I was pizzed. I went into the house and told my wife that I had had enough and I am going to kill me a hawk or two (I have a pair of Red Tails that live here and a pair of Coopers that live here).. This attack, as are almost all of the attacks here, was a Coopers.

I know the potential penalties for doing such a thing.
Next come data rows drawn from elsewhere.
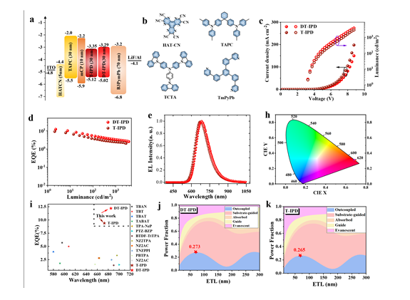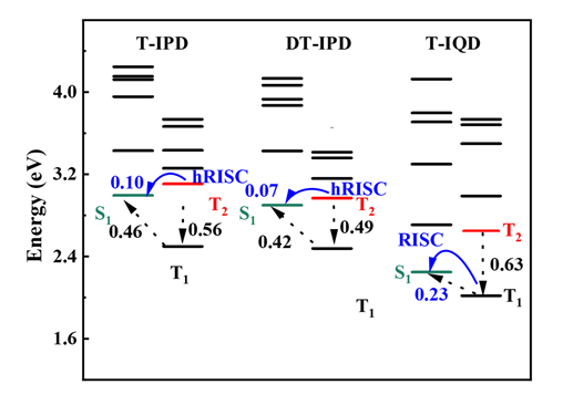 近日,中國(guó)科學(xué)院寧波材料技術(shù)與工程研究所葛子義研究員和李偉副研究員以及華南理工大學(xué)蘇仕健教授等提出了一種新穎的分子設(shè)計(jì)策略,成功地將熱激子機(jī)制和AIE特性融合到單個(gè)分子中。在新開發(fā)的分子T-IPD和DT-IPD中(圖1),通過調(diào)節(jié)受體單元的共軛長(zhǎng)度,單重激發(fā)(S1)態(tài)的能量顯著提高至第二三重激發(fā)(T2)態(tài),從而極大增強(qiáng)了高能態(tài)的逆系間竄越過程(hRISC)(圖2)。通過引入TPA和DP-TPA給體基團(tuán),T-IPD和DT-IPD可以形成剛性和扭曲的三維幾何結(jié)構(gòu),具有適當(dāng)?shù)亩娼?,有效抑制了分子間π-π堆積和分子內(nèi)運(yùn)動(dòng),使其在固體或聚集態(tài)下呈現(xiàn)強(qiáng)烈的發(fā)光。同時(shí),它們的AIE特性可以通過在聚集態(tài)下形成J-聚集體結(jié)構(gòu)進(jìn)一步增強(qiáng)。由于熱激子機(jī)制和AIE特性,研究人員獲得了最高12.2%的外量子效率,這是基于熱激子機(jī)制和AIE特性的深紅色OLEDs中性能最高的(圖3)。
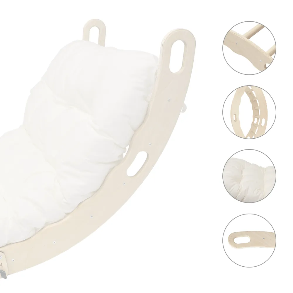 Giocattolo 2 in 1: a seconda della regolazione, il giocattolo è un triangolo rampicante o una dondolo bambini. La struttura arrampicata bambini è fabbricata in legno di pino naturale e in legno compensato. Le materie prime vengono protette dai prodotti ecologici che sono sicuri per i bambini e rispettosi dell’ambiente. Il design semplice si intonerà sia a qualsiasi stanza che all’aperto. Tutti gli elementi vengono finemente tagliati (al CNC) e completati, in modo da essere privi di qualsiasi bave e schegge. Puntando l’arco verso l’alto si ottiene una torre da arrampicata, e girando il giocattolo si può usarlo come una culla a dondolo.
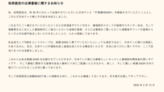 自身が代表を務める「株式会社MMsun」の公式サイトにて、「このたび日本テレビ様にその旨をお伝えしました」と報告。「ここで区切りをつける決断をしました」と明かした。 pic.twitter.com/gS1N8oUalD
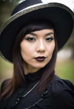 A woman wearing a hat poses for a picture, in the style of oshare kei, black, wide lens, shiny/ glossy, solapunk, dark silver, rim light
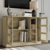 - Three large door cabinets with sleek transparent acrylic inserts, showcasing and organizing your items with ease
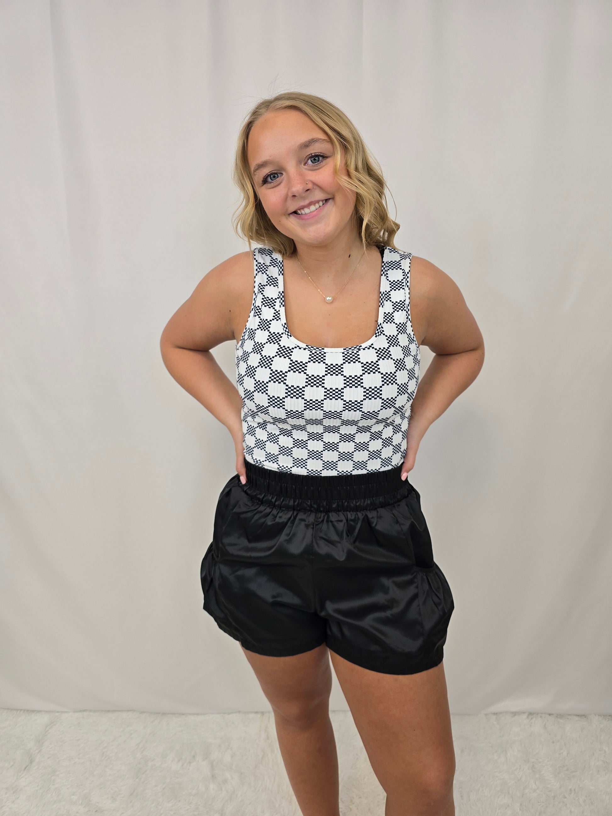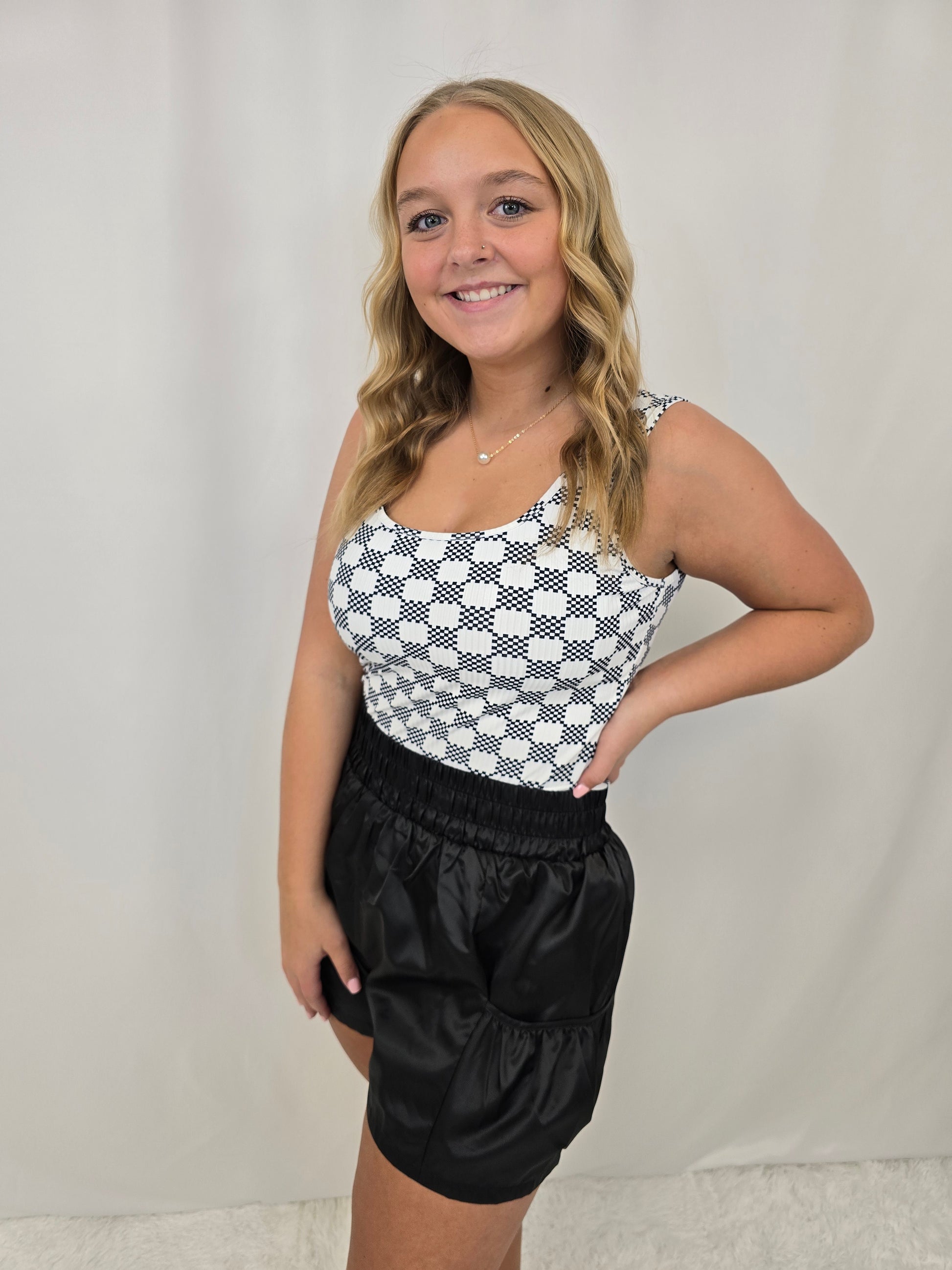 Elevate your style with our Black Checkered Print U Neck Cropped Tank Top! Featuring a stylish checkered print and a flattering U neck design, this tank is a must-have for any fashion-forward wardrobe. Perfect for pairing with high-waisted bottoms, this top will enhance your silhouette and make a statement.

But I was really really mad at the time. I have calmed down now. Good thing I didn't have a gun in my hand at that moment (a good reason for a waiting period for those who buy guns. But I digress).

A full day passed and no sign of the two birds. I assumed that the hawk continued on after I scared it, and most likely got one of the missing birds, and the other got lost in the panic.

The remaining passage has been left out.